Hйlas! Шутки над “тещами” невозможны, как говорится, “по определению”, на такое уважающий себя художник не идет ни при каких обстоятельствах! Даже если этого требуют интересы рифмы, которые все-таки нередко заводят речь поэта в области довольно туманные:
“В „Двенадцати” с дневными снами, / В „Конармии” и день и ночь / Хотелось встать волной цунами / И тяготенье превозмочь. // Пока вещают лжемессии / И хлещет пенная вода, / Подняться с гибелью России! / И опуститься… Но куда?” Действительно — куда? И почему у Блока “с дневными снами”, когда там “черный вечер”, а в “Конармии” почему-то — круглосуточно? Понятно, что публицистика, но какая-то… приблизительная. В стихотворении “Вопрос”, трактующем тему свободы воли и ее издержек, того пуще:
…Полно ее за океаном,
Откуда посылают нам
Эротику с крутым слоганом,
Обноски негров, чуингам…
Ну, во-первых, не “слогбн” все-таки, а “слуган” (но эта небрежность, может, и намеренная, из презрения). Потом про “обноски негров”… некорректно… Но главное, этот пафос а la журнал “Крокодил”- 1954 — такие куплеты разве что Велюрову мелодекламировать с летней эстрады в исполнении бесподобного Л. Броневого.

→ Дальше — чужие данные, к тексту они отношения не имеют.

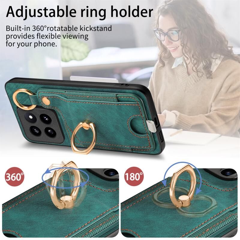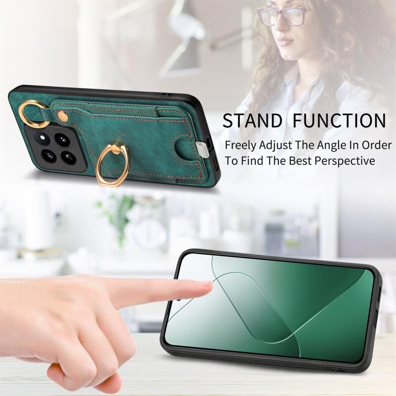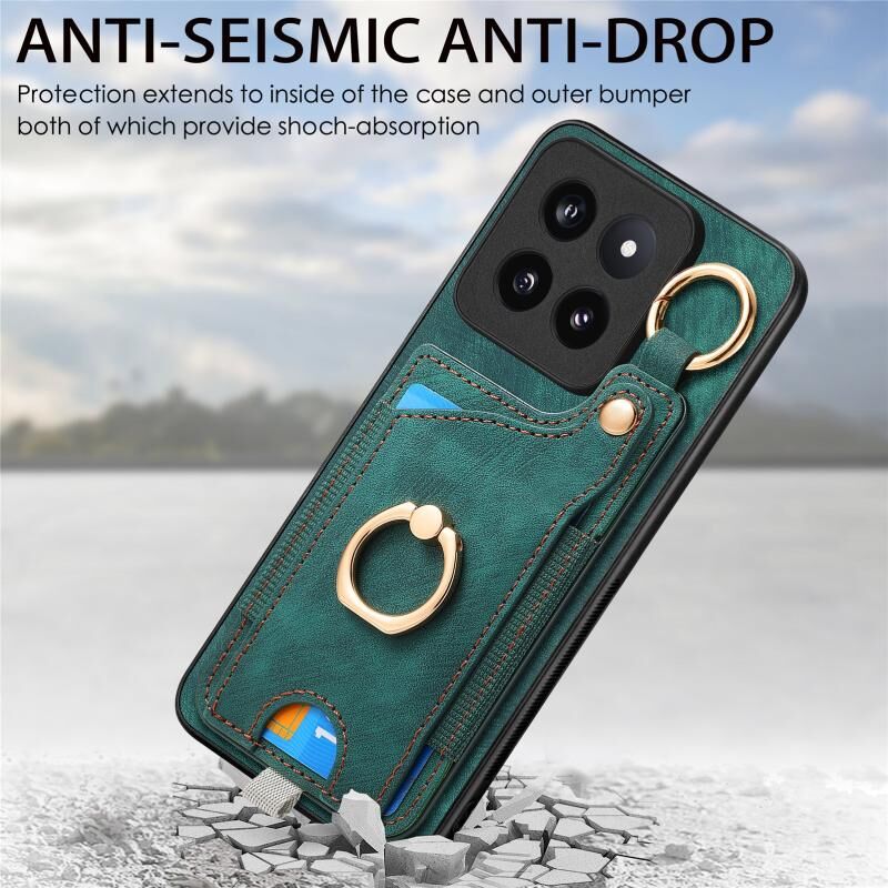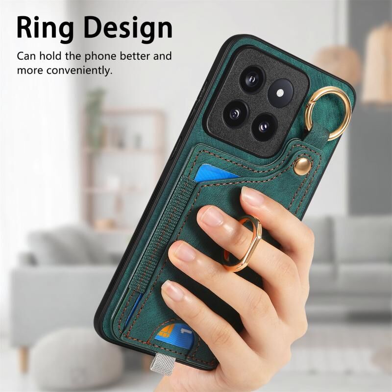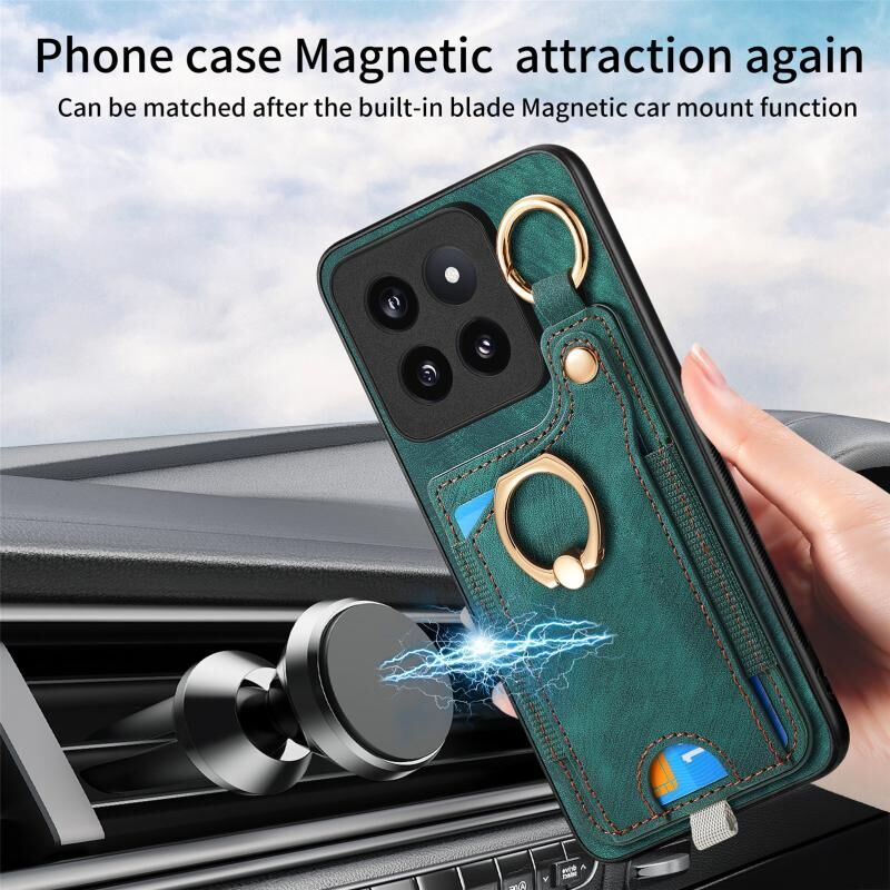 Για Xiaomi 14 Pro Ρετρό δέρμα αίσθηση δαχτυλίδι κάρτα τσάντα υπόθεση τηλεφώνου με Hang Loop (πράσινο)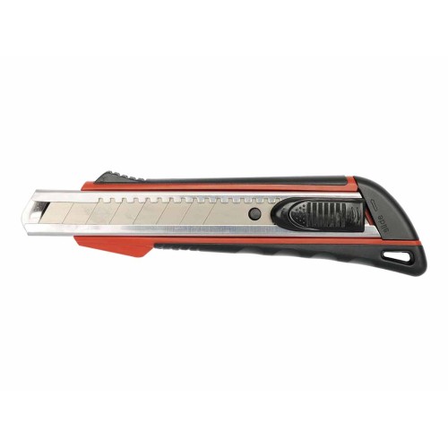 Ancho (en mm): 18 Forma ergonómica: Si Tipo de hoja: Fraccionable Empuñadura: Bimateria Seguridad: Bloqueo automático Grosor de la hoja (en mm): 0,5 Colgable: Mediante cordel del orificio inferior trasero

Будучи поэтом-путешественником (как Бальмонт, Гумилев, Н. С. Тихонов), Синельников не упускает возможности усилить вес текста введением всякого рода экзотизмов. Взять хоть названия: “Колодец Агарсены”, “Храм Трипура сундари”, “Шива, Кришна, Индра”, “Сарнатх”, “Мара”, “Карма”, “Сутра” (есть в его стихах и “сансара”, и “аватара”, и “нирвана”, конечно) — это из индуистско-буддийского ареала. Теперь из мира библейского: “Исайя”, “Самсон”, “Мариамна”... Из исламского мира: “Джалал-Абад”, “Шухрат”, “Абдулали”, “Хазрет-Айюб”, “Чарх-и-фоллак”, “Сары-Джон”… (симптоматична в этом ряду рифма из стихотворения “Жолон Мамытов”: “Где грубокаменный гремит Аламедин, / Как демонов переговоры. / Как будто бы идет за лампой Аладдин, / И синевой и светом веют горы…”; не упустим случая заметить, что “демоны” здесь — тютчевского происхождения.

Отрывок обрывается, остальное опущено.